Begin at the line where "Olympiacos UEFA Europa" appears and reproduce exactly every line through the end of the data below, both included, skipping pictures.

__Dataset section__:
▽
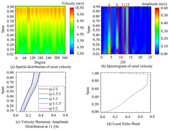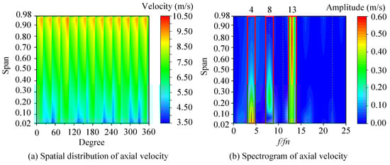 As the flow progresses downstream, the axial velocity in front of the first-stage rotor shows an overall increase compared to that in front of the first-stage stator. This increase is mainly due to the work performed by the first-stage rotor, which reduces the low-speed region near the hub and expands the high-speed region at larger radii. In the axial velocity spectrum (Figure 11), it is evident that besides the pronounced pulsations at the 4th, 8th, and 13th harmonic components—similar to those in front of the first-stage stator—an 11th harmonic component also emerges in front of the first-stage rotor. This corresponds to the interference effect caused by the rotor blade count. These observations suggest that, as the flow develops downstream, the influence of the rotor on the axial velocity of the fluid progressively increases, whereas the stator’s influence diminishes. Notably, the influence of the fourth and eighth harmonic components is consistently concentrated below span 0.5, indicating a strong correlation with the low-radius region throughout the flow development.
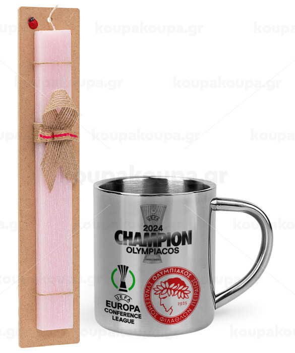 Olympiacos UEFA Europa Conference League Champion 2024, Easter Set, metallic thermal cup (300ml) & aromatic flat Easter candle (30cm) (PINK)
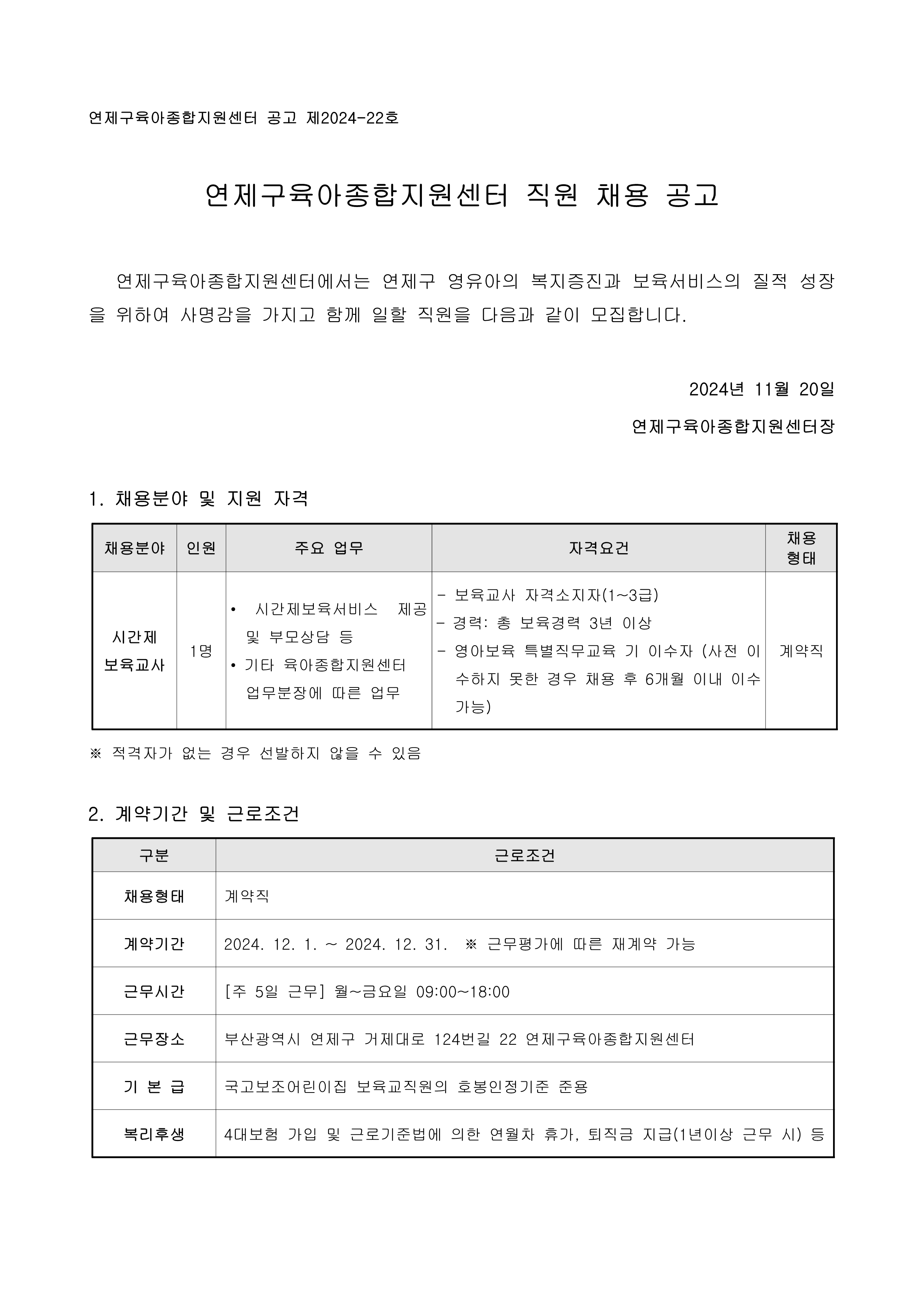[부산진구육아종합지원센터] 시간제보육 보조교사 채용 재공고
△
__Task answer__:
 Olympiacos UEFA Europa Conference League Champion 2024, Easter Set, metallic thermal cup (300ml) & aromatic flat Easter candle (30cm) (PINK)
[부산진구육아종합지원센터] 시간제보육 보조교사 채용 재공고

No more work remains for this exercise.